Beginning with the line that has "349 Sphyrsopermum sodiroi", write out each line down to the end of the records below exactly, and include no pictures.

Source data:
[Start of Attachment]

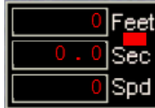
Mudpond Runway Test Gauge

The Mudpond Runway Test Gauge is designed to find the length of the takeoff run, the elapsed time and the airspeed.
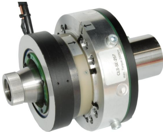
Small, flexible and high-precision: The new steering effort sensor KMT-CLS
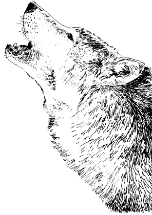
- Larry Eifert

For example, OCNMS has some of the world's rare and vulnerable deep-sea corals, which are damaged by fishing gear despite the sanctuary's mandate to prohibit seabed alteration. We need to encourage the sanctuary to protect the ecosystem comprehensively against multiple impacts.
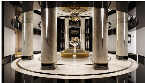
The building is being updated with a contemporary design that honours its history
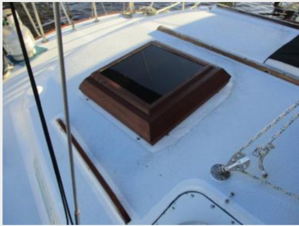
13.41' Morgan Aft Stateroom Hatch
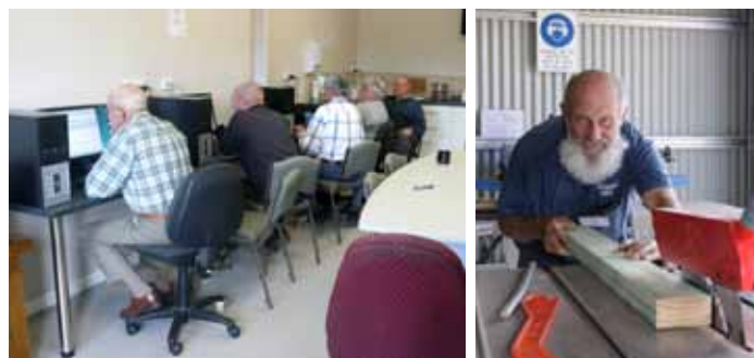
RSL Sheds participants enjoying their activities.

I can now inform you that operations have commenced and our first projects were started on 25th October. Six members commenced computer instruction and a further 5 start construction of wooden work benches. The computer and woodworking sessions will be ongoing. In the near future we will see the commencement of restoration work on a "Bofors Gun". Other activities will be coordinated subject to member request. (See enclosed RSL Sheds flyer).
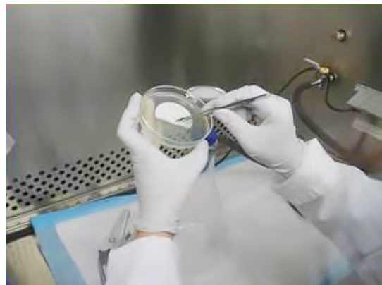
Placement of membrane filter containing microorganisms onto growth medium
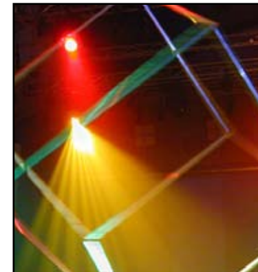
The Mysterium Compass
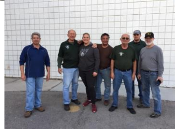
Community outreach program – delivering food to Title 1 School.
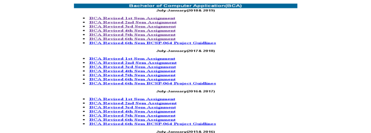
Figure 6: BCA Assignment Page

You may also download Assignments https://webservices.ignou.ac.in/assignments/bca/index.html
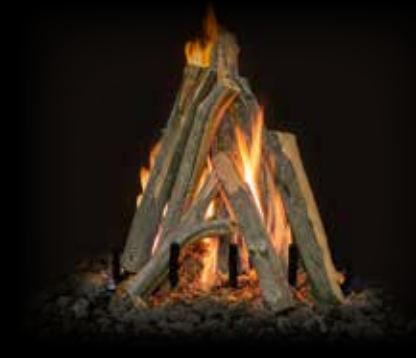
Kiva Arizona Juniper (AJ)
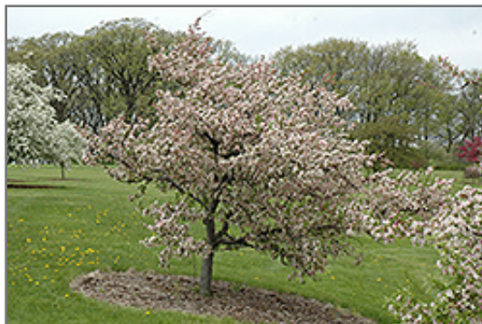
Leprechaun Flowering Crab in bloom
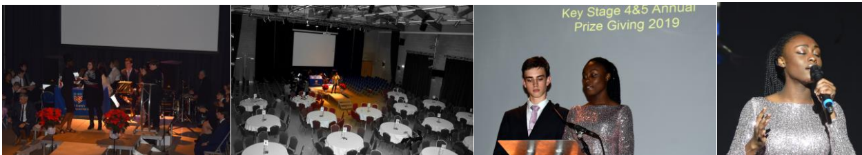
Fig1: KS4 and KS5 Prizegiving
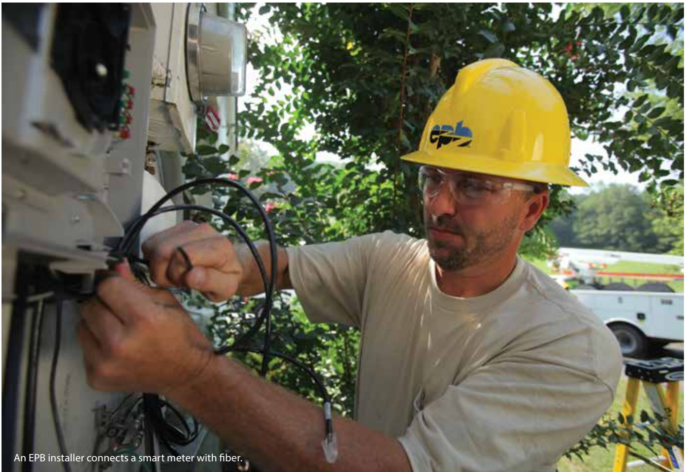
An EPB installer connects a smart meter with fiber.

gas interval data. They analyze and distribute this data to various utility departments through integrated software such as billing, customer management, outage management and GIS. The depth and quality of this analysis is a function of the accuracy and timeliness of consumption data as well as the power of the data analytics engine behind each application.
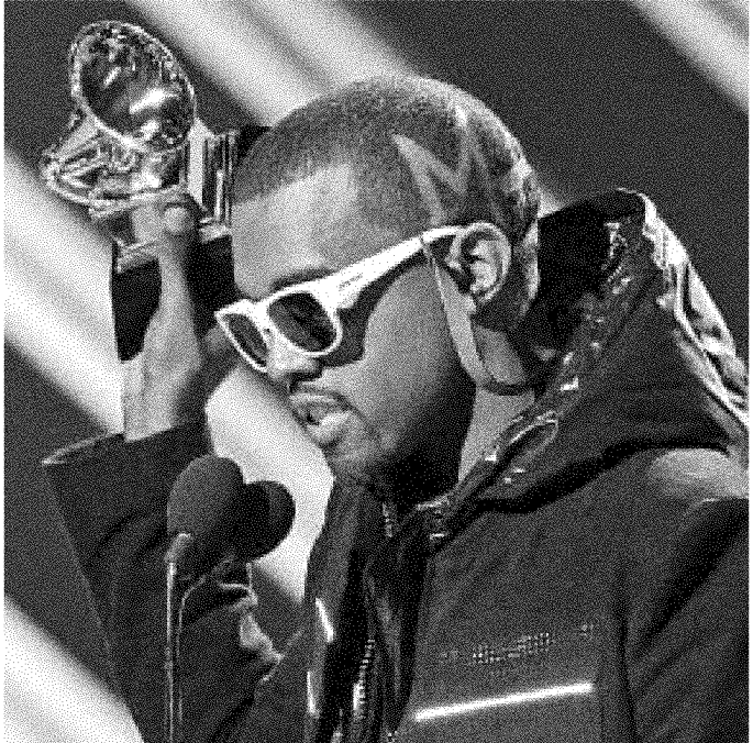
Kanye West accepts his award for best rap album for Graduation.
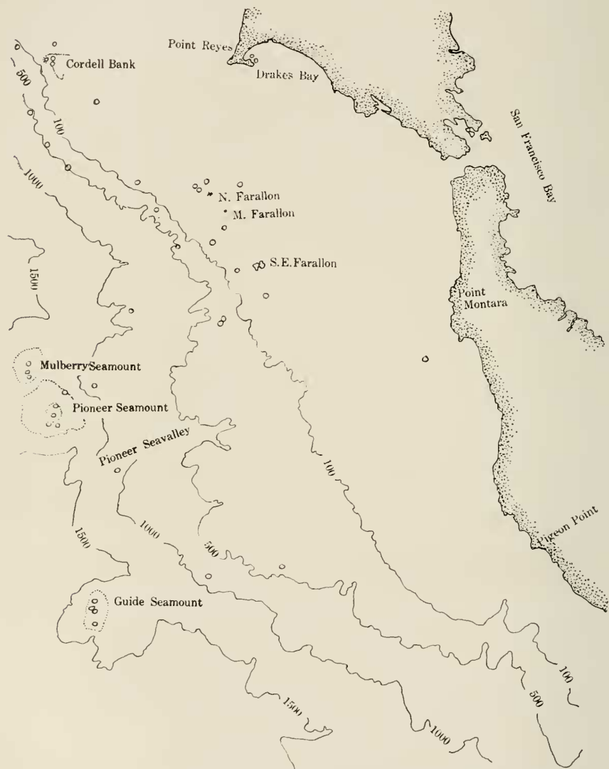
Figure 1. Sketch map of the area off central California where most of the dredging was done. Circles indicate some of the stations. Contour interval, 500 fathoms outside of the 100 fathom line.

of California as young as early Tertiary (San Onofre breccia for instance) contain detrital material which can be traced to no known outcrops. This has caused some to assume that at one time there was land of continental proportions west of what is now California, and from which eastward flowing streams brought these sediments. If these seamounts be remnants of such a land mass corroborative evidence would be at hand. Therefore we made
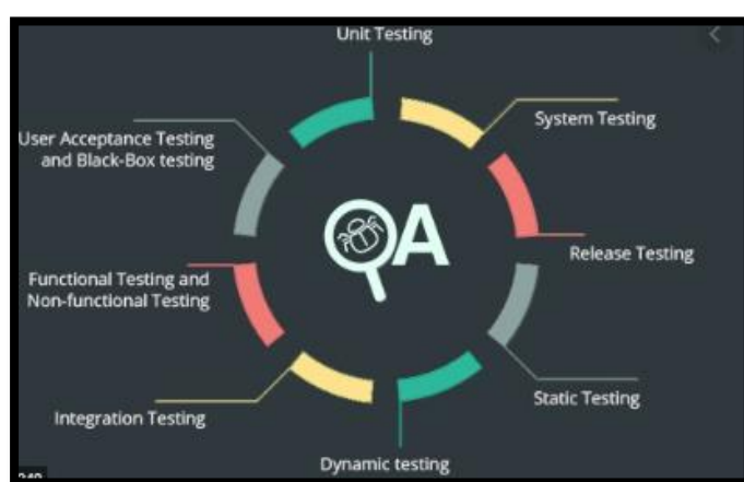
Figure 1. Quality assurance (Source: [11])

extraordinary prerequisites can be satisfied." The self-guarantee furnished with the asset of the utilization of value confirmation is twofold—inside to control and remotely to clients, government organizations, controllers, certifiers, and outsiders. An extrude definition is "every one of the arranged and orderly exercises completed in the extraordinary framework that can be analysed to offer confidence that help the product to fulfil prerequisites for quality. As per the word of [11], quality assurance supports an organization to meet the proper ISO level of a manufactured product. As a result it supports the organization to gain customer loyalty and enhance the brand value of the organization.
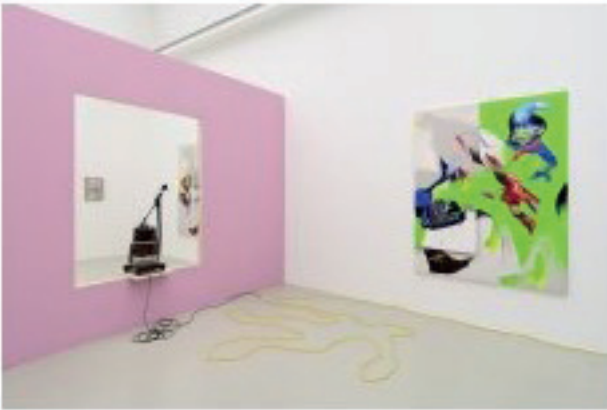
Pieter Schoolwerth »Your Vacuum Sucks« (Detail), 2015

Filminstallation Installation view Kunstverein Hannover
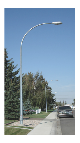
Standard galvanized street lights (included in the budget for 124 Street renewal)

There are two types of lighting options for the 124 Street Renewal: decorative street lights and secondary lighting.
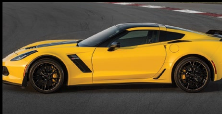
2016 CORVETTE C7R - 1 OF 50 CDN CARS!

NEW 2016 Fall Auction Vehicles Consign Yours Today!
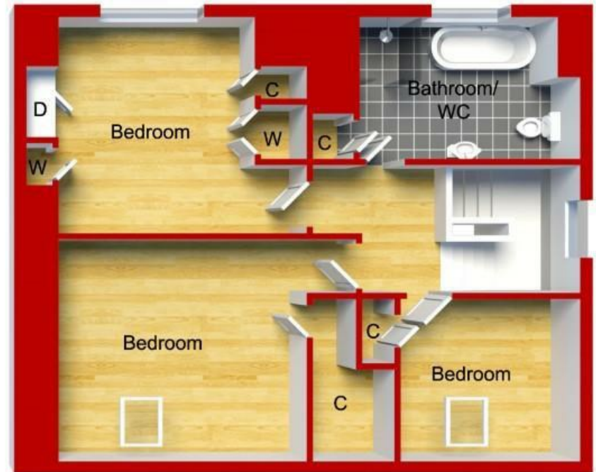
Room In Roof Approximate Floor Area (59.87 sq.m)
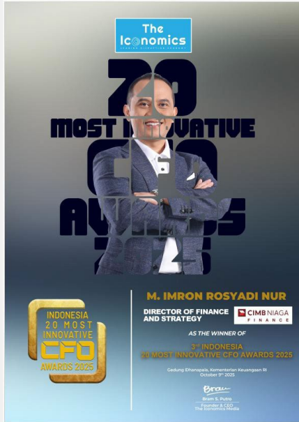
3 rd Indonesia 20 Most Innovative CFO Awards 2025
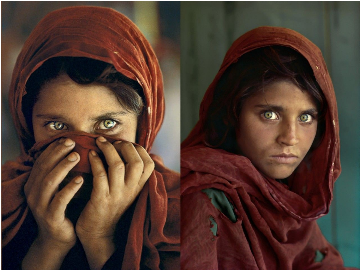
Sharbat Gula- A 10-year-old (now 49) refugee from Afghanistan who was featured in the 1985 cover of National Geographic is still an emblem of the refugee crisis.
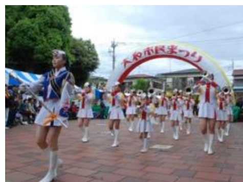
Yamato Citizens' Festival (May)
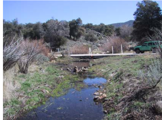
Pine Creek Tract, located adjacent to Pine Creek, is managed to protect heritage and resource values.

The Place emphasis to conserve species is carried out through efforts such as designated access routes in the tract and seasonal restrictions. The involvement of permittees in this effort is consistent with the Place emphasis to enlist others to actively participate in managing, planning, designing, maintaining and monitoring resource conditions, and to help resolve problems as they arise.
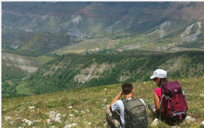
Col de la Sapie (1745 m) (CCSB)
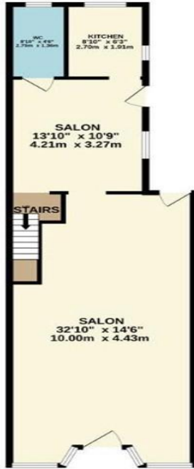
1ST FLOOR 622 sq ft. (57.3 sq.m.) approx.
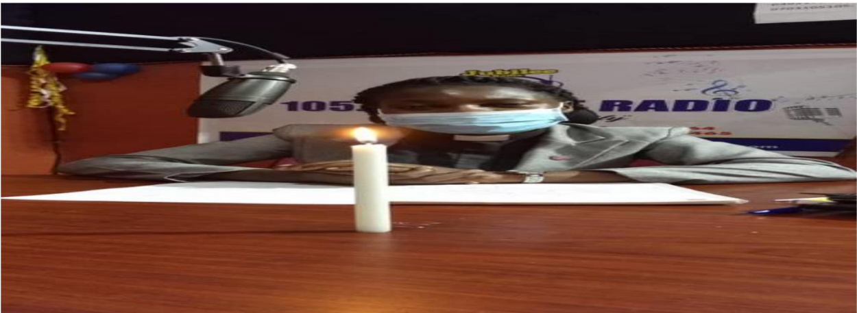
Religious leaders lighting the candle during the Commemoration prayers and radio talk shows
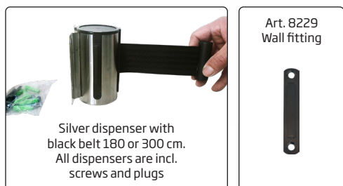
Silver dispenser with black belt 180 or 300 cm. All dispensers are incl. screws and plugs
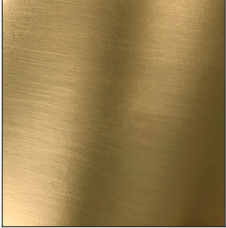
Satin Gold - SGD
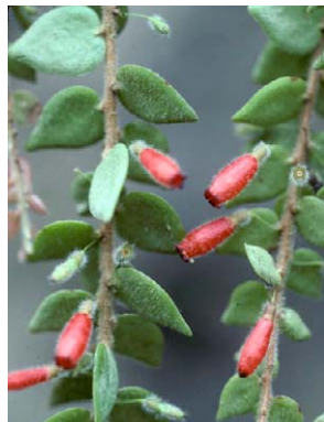
349 Sphyrsopermum sodiroi
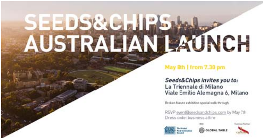
The Australian Launch of Global Table/Seeds&Chips September 2019
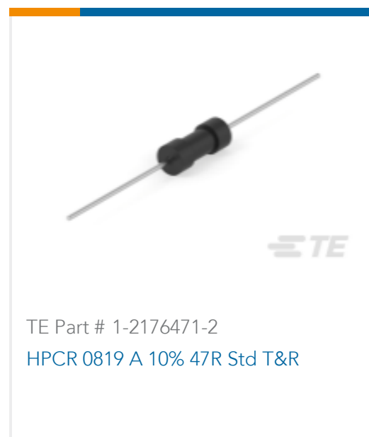
TE Part # 1-2176471-2 HPCR 0819 A 10% 47R Std T&R
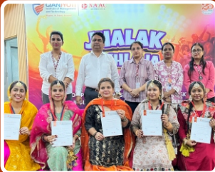
Jhalak Dikhlaa Competition within campus
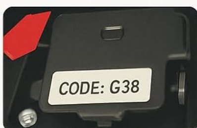
On a Label Inside/ Behind the Lock
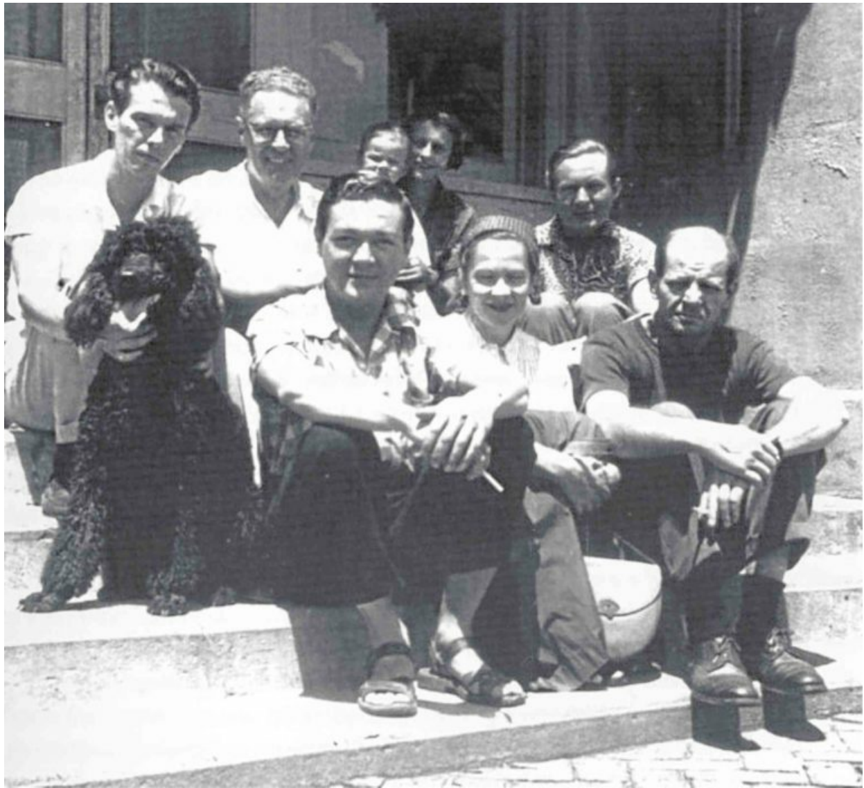
Alfonso Ossorio (center, foreground) and Jackson Pollock (front row, right)

Later in 1950 when Ossorio returned to the United States, he helped Pollock put up the now legendary exhibit at the Betty Parsons Gallery, where the only work that sold was “No. 1,” purchased by Ossorio himself for P1,500, and which is more known as “Lavender Mist.”
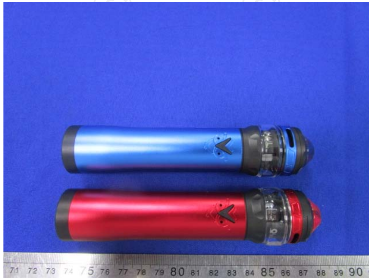
Owl kit with 0.2 \Omega /0.16 \Omega
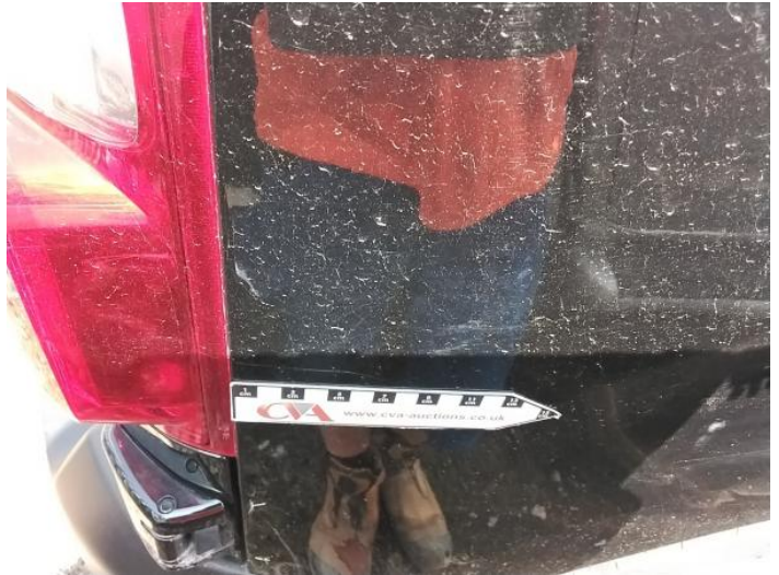
4: Qtr Panel osr Scratched Over 25mm Thru Paint
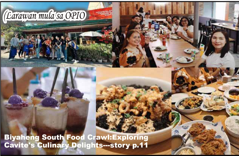
Biyaheng South Food Crawl: Exploring Cavite's Culinary Delights---story p.11
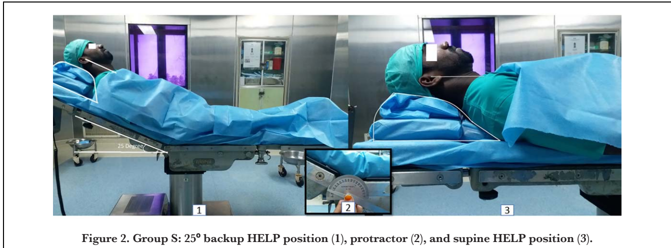
Figure 2. Group S: 25° backup HELP position (1), protractor (2), and supine HELP position (3).
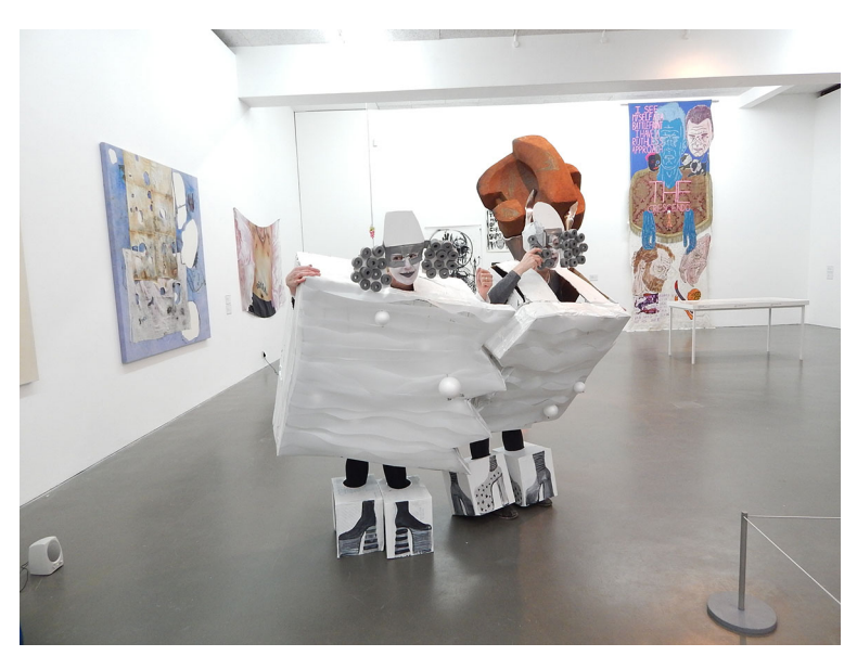
Fig. 8: Williams, Frances (2014) Fran's People: Freeform Interpretation. [photograph]

(This Work is presented in Shift 2: Embarrassment and PD2: Embarrassment and in Shift 3: Mis-attention and PD3: Mis-attention.)

[End of Attachment]

> **Solution**:
349 Sphyrsopermum sodiroi
The Australian Launch of Global Table/Seeds&Chips September 2019
TE Part # 1-2176471-2 HPCR 0819 A 10% 47R Std T&R
Jhalak Dikhlaa Competition within campus
On a Label Inside/ Behind the Lock
Alfonso Ossorio (center, foreground) and Jackson Pollock (front row, right)

Later in 1950 when Ossorio returned to the United States, he helped Pollock put up the now legendary exhibit at the Betty Parsons Gallery, where the only work that sold was “No. 1,” purchased by Ossorio himself for P1,500, and which is more known as “Lavender Mist.”
Owl kit with 0.2 \Omega /0.16 \Omega
4: Qtr Panel osr Scratched Over 25mm Thru Paint
Biyaheng South Food Crawl: Exploring Cavite's Culinary Delights---story p.11
Figure 2. Group S: 25° backup HELP position (1), protractor (2), and supine HELP position (3).
Fig. 8: Williams, Frances (2014) Fran's People: Freeform Interpretation. [photograph]

(This Work is presented in Shift 2: Embarrassment and PD2: Embarrassment and in Shift 3: Mis-attention and PD3: Mis-attention.)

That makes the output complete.